Minutes later, however, he was back at the bushes. And always, on the periphery of vision drawn to his flashy red is his mate, her dun coloring tinged with a yellowy orange; she brings her romance and gets her berries too.

And each afternoon, after all the avian feeding, I go out and get ours.

MY Walden

By Corinne H. Smith

How many a man has dated a new era in his life from the reading of a
book.  The book exists for us perchance which will explain our
miracles and reveal new ones. (Thoreau, “Reading,” Walden)

When we marked the 159th anniversary of the publication of Walden; or, Life in the Woods on August 9, 2013, I was returned to the story of my own first copy of the book.

I suppose I became an unofficial “Thoreauvian” after reading the essay “Civil Disobedience” in Harold Sachwald’s tenth-grade English class at Hempfield High School in Lancaster County, Pennsylvania. It was in the early 1970s. I was an only child who felt that she was under the daily scrutiny of a domineering mother. Thoreau’s spirit of independence and inclination toward non-violent protest immediately resonated with me. “The only obligation which I have a right to assume, is to do at any time what I think right,” Henry told me. Wow. I sure wanted to drink more water from this well.

Walden was the book I knew I had to read next. So I checked out the copy from our school library. It was several inches thick, had a leather spine, and was probably from the 1930s or 1940s. It had a leafy decoration on the cover and a few nice engravings that illustrated each chapter. But I couldn’t quite get into it. The opening section on “Economy” had me stymied. But I still sensed that the contents would be important to me, so I kept renewing it and kept hoping that I would someday understand it. I carried that book around for most of my junior year. Finally, I returned it to the library, heavily fingerprinted, but unread.

In the second semester of twelfth grade, I took an elective American literature class that included the reading of Walden. For no recorded grade and for only half of one academic credit. I bought my own paperback — ironically enough, at Walden Books in the Park City Mall — so that I would be free to underline the good parts. I even liked the way this edition looked, with its funky and colorful 1960s cover showing a solitary individual, sitting under a tree, gazing across a body of water. I paid 75 cents for it. I wanted to be that person.
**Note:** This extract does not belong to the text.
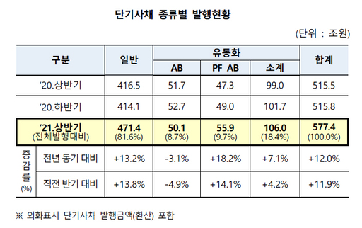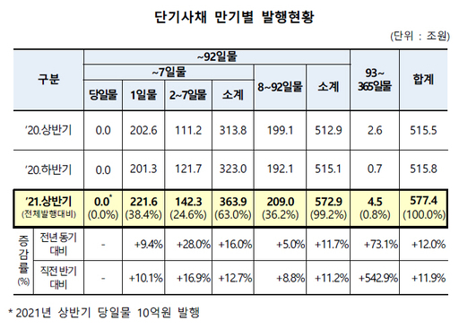 종류별로 보면 일반 단기사채의 발행량은 471조4000억원으로 전년 동기(416조5000억원) 대비 13.2%(54조9000억원) 증가했고, 유동화 단기사채(특수목적회사 발행) 발행량은 106조원으로 전 년동기(99조원) 대비 7.1%(7조원) 증가했다. 전량 달러(USD)로 발행되는 외화표시 단기사채는 14억400만달러 발행돼 전년 동기(7억9260만달러) 대비 77.1% 증가했고, 직 전반기(8억2410만달러) 대비 70.4% 증가했다. 만기별로는 3개월 이내 발행량이 572조9000조원으로 전체의 99.2%를 차지했다. 대부분 만기 3개월 이내로 발행되는 추세가 지속됐는데, 이는 증권신고서 제출 면제 혜택을 받을 수 있기 때문인 것으로 보인다.

MY Walden and one of its sisters

 

I’ll admit that it took the intervention of English teacher Thomas McVey for me to finally begin to digest Thoreau’s prose. But suddenly nearly every page contained at least one nugget that I felt was inspirational and worth saving: “The mass of men lead lives of quiet desperation,” for instance; “I went to the woods because I wished to live deliberately,” for another. I underlined them all with my see-through, blue Bic pen. These were powerful words for a teenager, especially for one who was on the verge of carving out her own place in society. I took the philosophy of Walden to heart. I was hooked on Henry for life.

Many years have passed. (Just how many and where they have gone, I cannot fathom.) I now own at least half a dozen copies of Walden; including a German edition I bought in Munich in 1986 and a Canadian reprint that I picked up in Ontario in 2009. But whenever I need to find a favorite passage, I turn to my well-worn paperback. I open it up and smile at my youthful wavering blue underlines. And I find just what I was looking for.

At used book sales, I have sometimes spied sister copies of this edition, MY edition, with the person sitting under the autumn-leafed tree on the cover. I used to buy them as I saw them so that I could have multiple copies of MY Walden. Recently, I changed my mind. I now leave the books behind so that someone else can find them. I hope that their new owners will be as inspired by Thoreau’s words and THEIR editions as I have been.